Various csv files in folder

Now we can get started with pandas!

In Anaconda Navigator make sure you have the pandas environment selected before launching Spyder.

Anaconda Navigator with pandas environment selected and Spyder being launched

Save your new file in the same directory as the spreadsheets so they’ll be easy to access.

intro.py file being saved to folder

Now we’ll start by importing pandas, and then numpy, which we’ll use to populate data.

import pandas as pd
import numpy as np

Creating a DataFrame:

A DataFrame is a like a spreadsheet – a 2D table with rows and columns, very similar to a spreadsheet you’d open in Excel. Using pandas gives us a lot more power behind how we can work with them.

Let’s start by creating a DataFrame from data we have.

Remembering it’s a 2D table, a way we can define a DataFrame is to make a dictionary first, then give that to pandas to convert into a DataFrame. So let’s make a python dictionary. Usually we use df to mean DataFrame:

df_data = {

}

Within this dictionary, each key will be a column, with their values being the row data in that column.

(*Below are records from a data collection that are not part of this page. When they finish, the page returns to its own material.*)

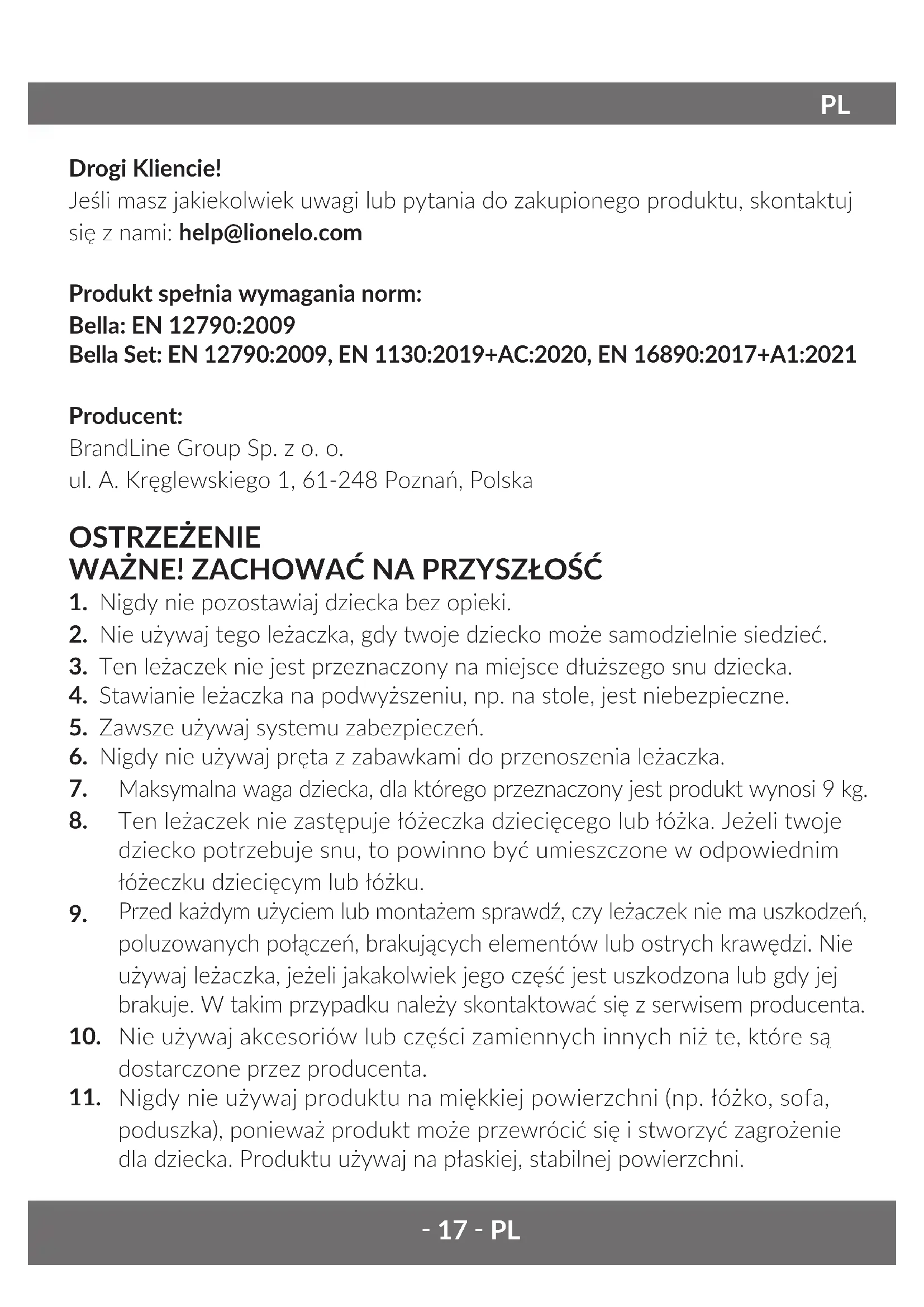 Drogi Kliencie! Jeśli masz jakiekolwiek uwagi lub pytania do zakupionego produktu, skontaktuj się z nami: help@lionelo.com Produkt spełnia wymagania norm: Bella: EN 12790:2009 Bella Set: EN 12790:2009, EN 1130:2019+AC:2020, EN 16890:2017+A1:2021 Producent: BrandLine Group Sp. z o. o. ul. A. Kręglewskiego 1, 61-248 Poznań, Polska OSTRZEŻENIE
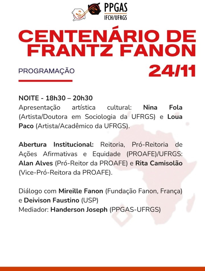 A programação contará com as apresentações artísticas de Nina Fola e Loua Paco, com a presença da Reitoria e Pró-Reitoria de Ações Afirmativas e Equidade (PROAFE/UFRGS), e um diálogo com Mireille Fanon (Fundação Fanon, França), filha de Frantz Fanon, e com Deivison Faustino (USP), e mediação de Handerson Joseph (PPGAS-UFRGS).
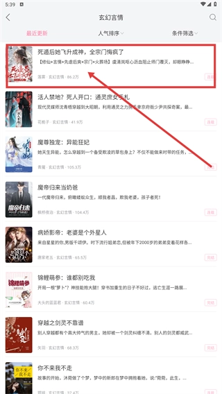 2、在分类页面选择小说(例如《死后通关飞升成神,全部门阀疯了》),进入该作品的详情页面。
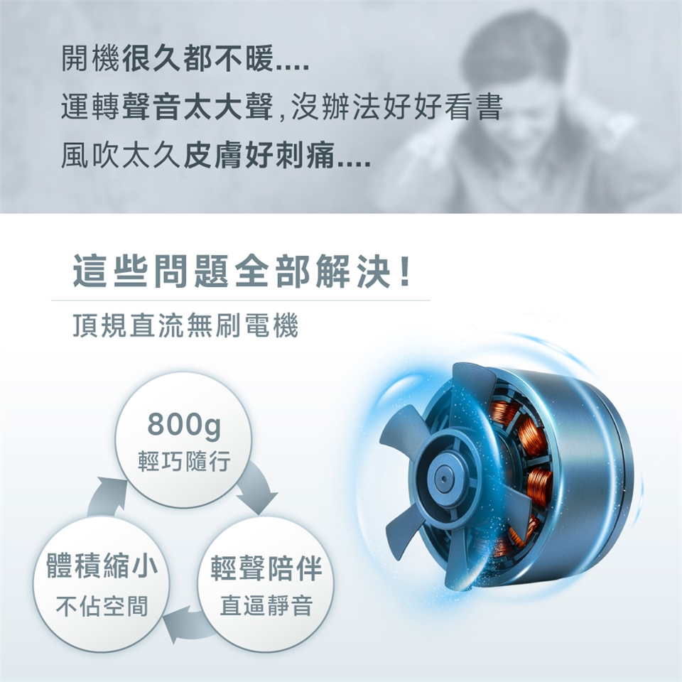 採用頂規直流無刷電機,運轉聲壓逼近圖書館級靜音!深夜辦公、嬰兒房安睡零干擾,電機壽命更比傳統提升2倍。整機淨重僅0.8公斤(等同1瓶礦泉水),單手輕拎說走就走,旅行箱縫隙輕鬆收納。
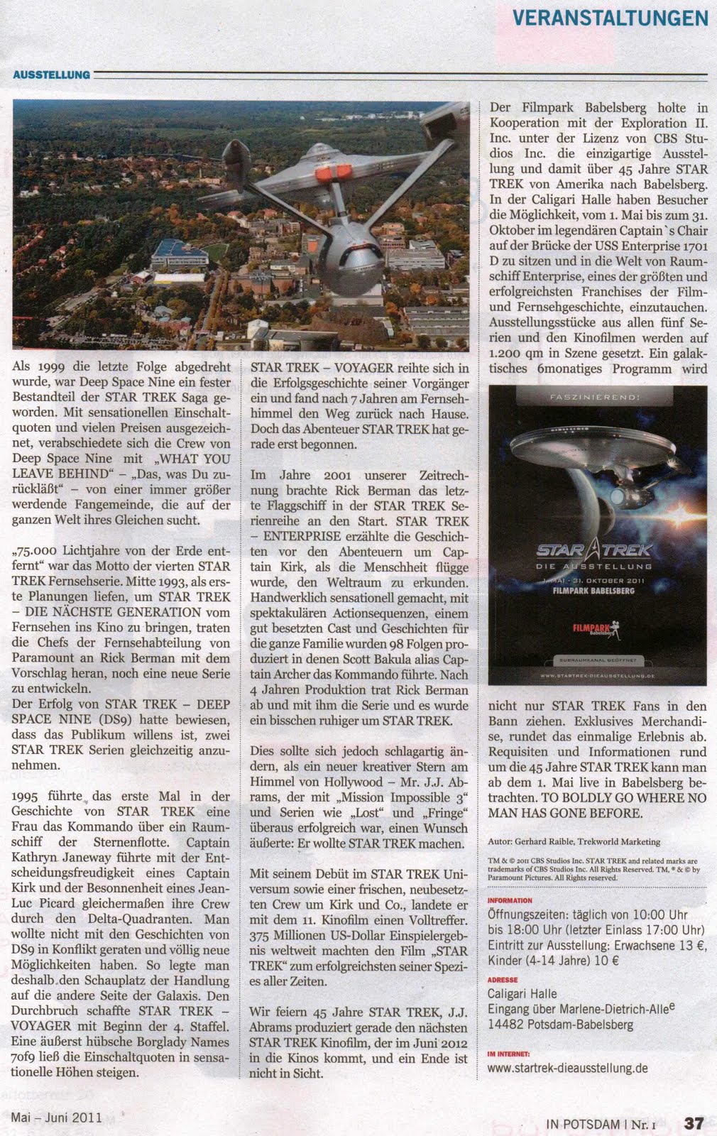 Diese Beilage fand ich heute in meiner Tagespresse, den Potsdamer Neuesten Nachrichten. Im Inneren findet sich ein kurzer Abriss zur Entwicklung des Star Trek Universums und weitere Details zu den Ausstellungsstücken der am kommenden Sonntag in Babelsberg beginnenden Star Trek Ausstelung. Leider wird sich ein großer Teil unserer Tafelrunde zu diesem Zeitpunkt in Düsseldorf bei der FedCon befinden. Verfaßt wurde der Artikel übrigens von Gerhard Raible, dem Kopf von Trekworld Marketing. Diese haben anscheinend das komplette Marketing dieser Ausstellung für den Filmpark übernommen. Bin mal gespannt, ob wir Herrn Raible trotzdem auf der FedCon bei seinen berühmt-berüchtigten Foyerverkaufsaktionen
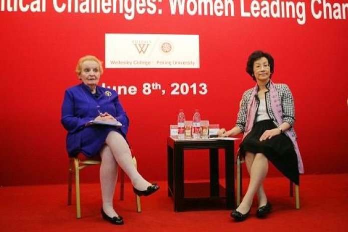 On the afternoon of June 8th, 2013, co-sponsored by Peking University and Wellesley College, and themed “Global Political Challenge: Women Leading Change”, the Women’s Leadership Conference was held at the Tan Siu Lin Centre for International Studies of Peking University. Professor Yuan Ming, Director of the Centre for American Studies of Peking University and Executive Deputy Director of the Institute of International and Strategic Studies, Peking University, was invited to attend the conference, where she had a conversation with Madeleine Albright, former United States Secretary of State.
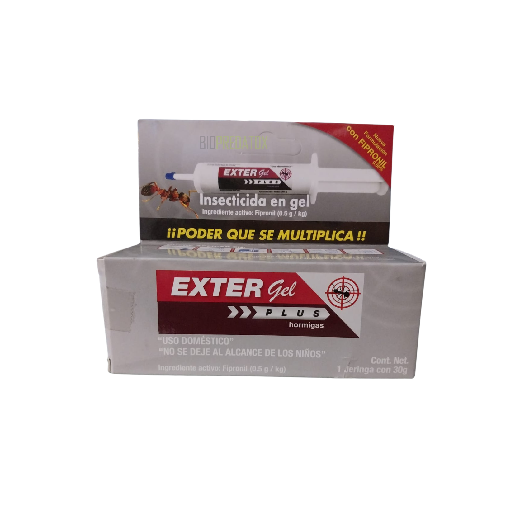 Exter gel hormiga plus práctica jeringa dosificadora. Lista para usarse de forma fácil, limpia y segura. De uso doméstico, industrial y para profesionales del control de plagas de hormigas, es un producto discreto y fácil de aplicar para hormigas, sólo se necesita colocar el émbolo de la jeringa, retirar el tapón y aplicar pequeños puntos en todo lugar donde se ven rastros de hormigas. El gel produce un efecto dominó en las hormigas, una vez que una hormiga lo consume, alimenta a otras, eliminando a todos los integrantes del nido
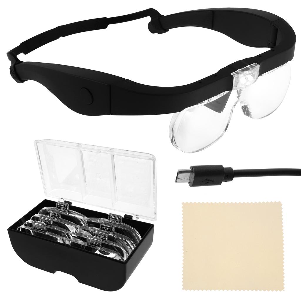 Head-mounted Magnifying Glasses with Light USB Rechargeable Magnifier 1.5X 2.5X 3.5X 5X Magnifier for Reading Watchmaker Repairs
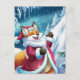 Un mignon renard rouge de Noël habillé d'un costume Père Noël chante dans les montagnes dans un style aquarelle L'art généré par l'IA
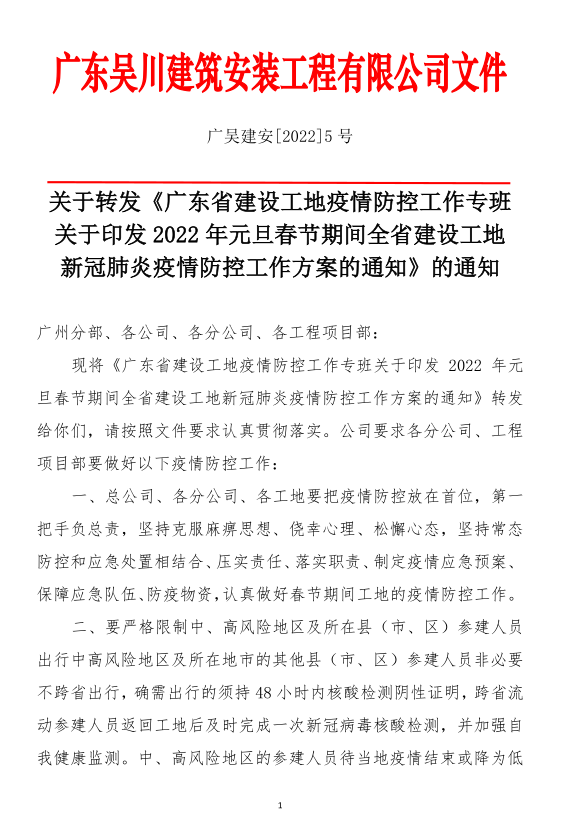 關于轉(zhuǎn)發(fā)《關于印發(fā)2022年元旦春節(jié)期間全省建設工地新冠肺炎疫情防控工作方案的通知》的通知
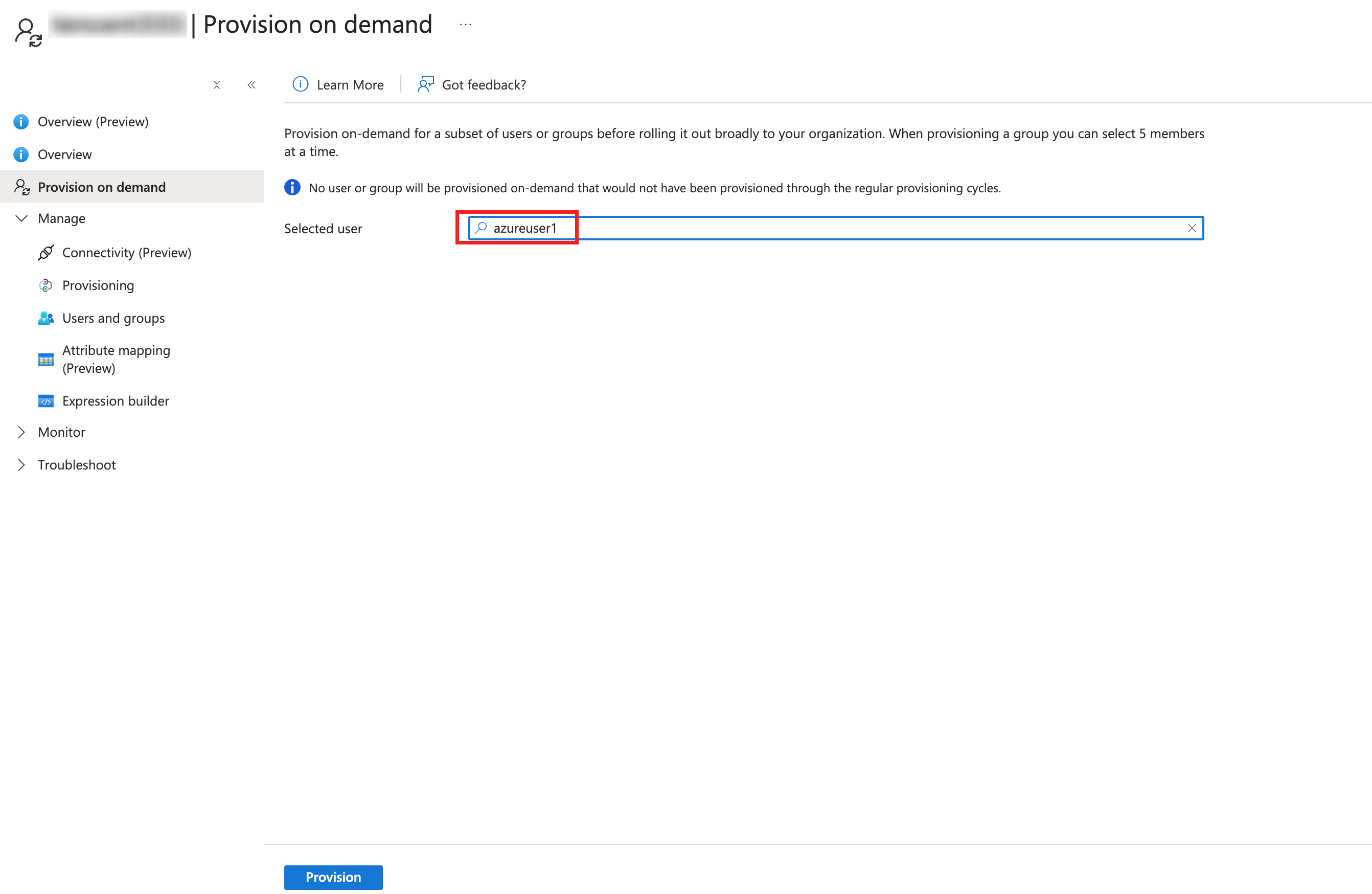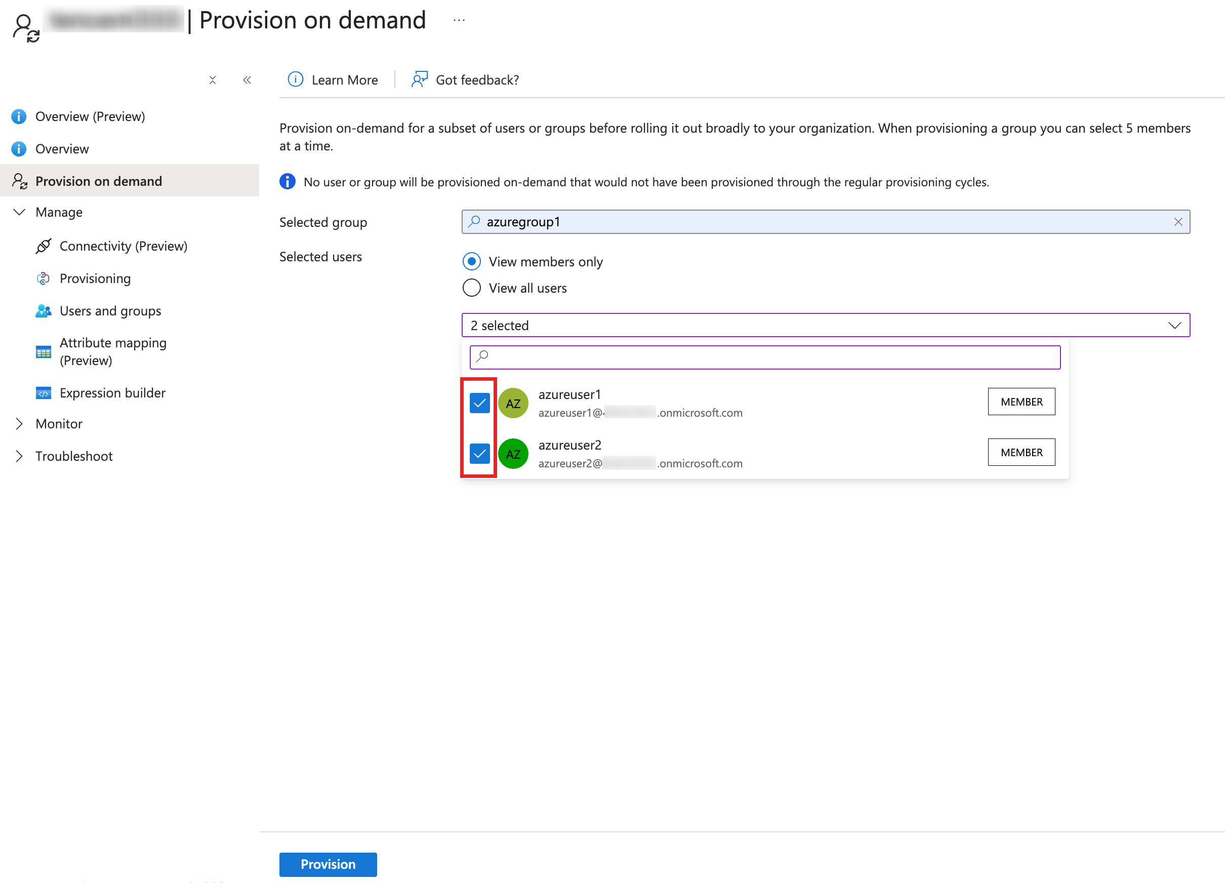 1. オンデマンドプロビジョニングページで、同期が必要なユーザーを選択し、設定をクリックします。

To see how this looks, let’s populate a column with some random values using numpy.

df_data = {
'col1': np.random.rand(5)
}

This will generate a single column with 5 rows. Let’s convert it to a DataFrame to see what it looks like before we add more columns.

df = pd.DataFrame(df_data)
print(df)

If you run this, you’ll see our DataFrame printed to the console populated with 5 random values thanks to numpy.

Data Frame code ran in Spyder

Let’s go ahead and make another couple of columns and run it again:

df_data = {
'col1': np.random.rand(5),
'col2': np.random.rand(5),
'col3': np.random.rand(5)
}

Extra columns being run with Pandas

Now you can see how we can give data to pandas in the form of dictionaries and how they’ll look when converted into DataFrames, including how pandas automatically indexes our rows for us.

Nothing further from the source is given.